Preventing large, natural landslides is difficult, but common sense and good engineering practices can help to minimize the hazard. For example, loading the top of slopes, cutting into sensitive slopes, placing fills on slopes, or changing water conditions on slopes should be avoided or done with caution. Common engineering techniques for landslide prevention include provisions for surface and subsurface drainage, removal of unstable slope materials, construction of retaining walls or other supporting structures, or some combination of these.

Drainage Control

Surface and subsurface drainage control are usually effective in stabilizing a slope. The objective is to divert water to keep it from running across or infiltrating into the slope. Surface water may be diverted around the slope by a series of surface drains. This practice is common for roadcuts (Figure 1a). The amount of water infiltrating a slope may also be controlled by covering the slope with an impermeable layer such as soil-cement, asphalt, or even plastic (Figure 1b). Groundwater may be inhibited from entering a slope by constructing subsurface drains.
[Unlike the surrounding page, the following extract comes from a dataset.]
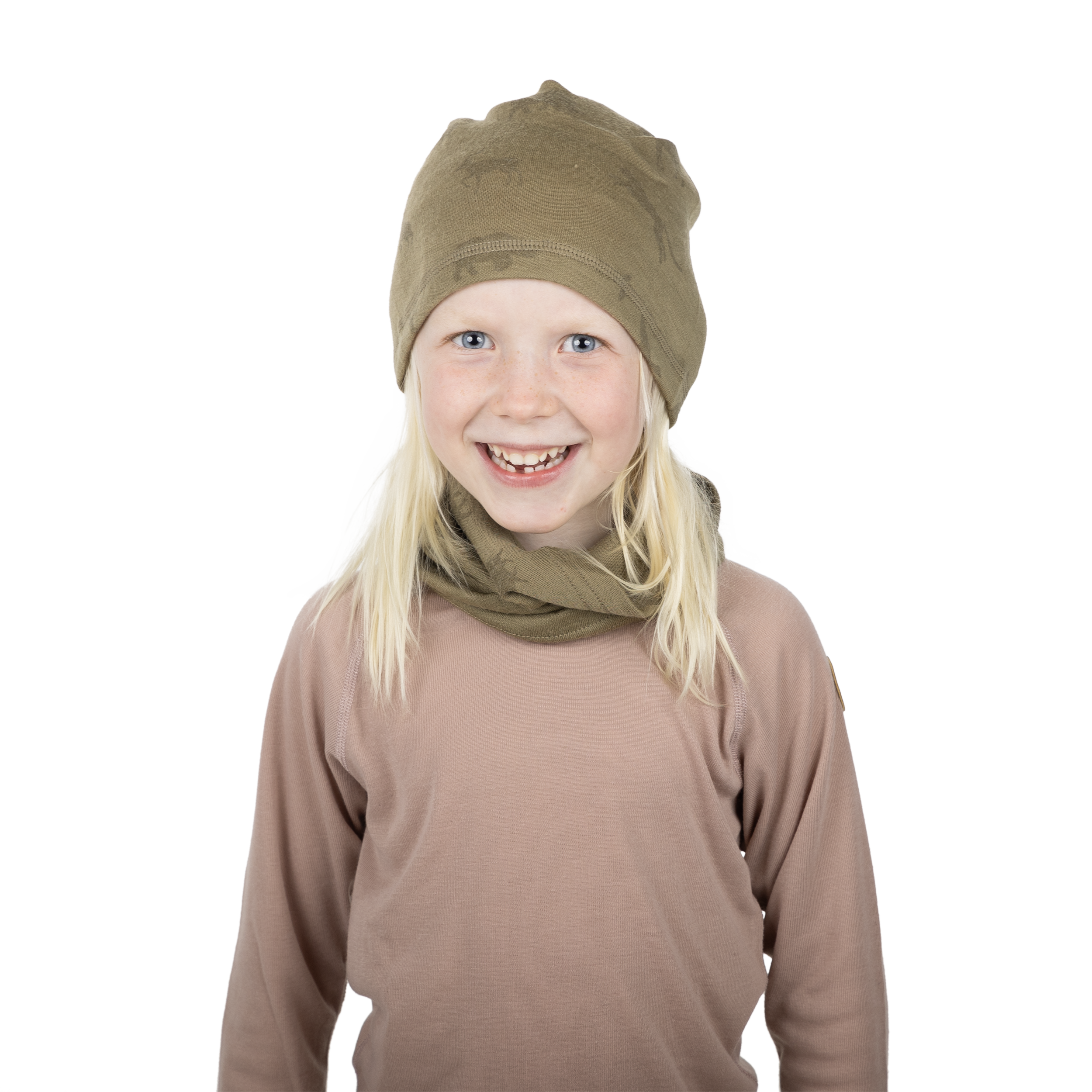 Bruse Húfa Merino ull – Covert Green m/dýrum

FIGURE 1 – Two ways to increase slope stability (a) Drains on a roadcut to remove surface water from the cut before it infiltrates the slope. (b) Covering a slope with a soil-cement in Greece to reduce infiltration of water and provide strength. (E. A. Keller)

A drainpipe with holes along its length is surrounded with permeable gravel or crushed rock and is positioned underground so as to intercept and divert groundwater away from a potentially unstable slope.
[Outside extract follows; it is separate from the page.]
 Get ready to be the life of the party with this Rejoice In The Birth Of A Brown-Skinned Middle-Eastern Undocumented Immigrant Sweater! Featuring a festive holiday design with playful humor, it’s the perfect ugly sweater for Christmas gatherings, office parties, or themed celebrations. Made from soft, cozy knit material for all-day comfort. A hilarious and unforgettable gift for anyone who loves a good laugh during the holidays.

Although grading of slopes for development has increased the landslide hazard in many areas, carefully planned grading can be used to increase slope stability. In a single cut-and-fill operation, material from the upper part of a slope is removed and placed near the base. The overall gradient is thus reduced, and material is removed from an area where it contributes to the driving forces and is placed at the toe of the slope, where it increases the resisting forces. However, this method is not practical on very steep, high slopes. As an alternative, the slope may be cut into a series of benches or steps. The benches are designed with surface drains to divert runoff. The benches reduce the overall slope of the land and are good collection sites for falling rock and small slides (Figure 2).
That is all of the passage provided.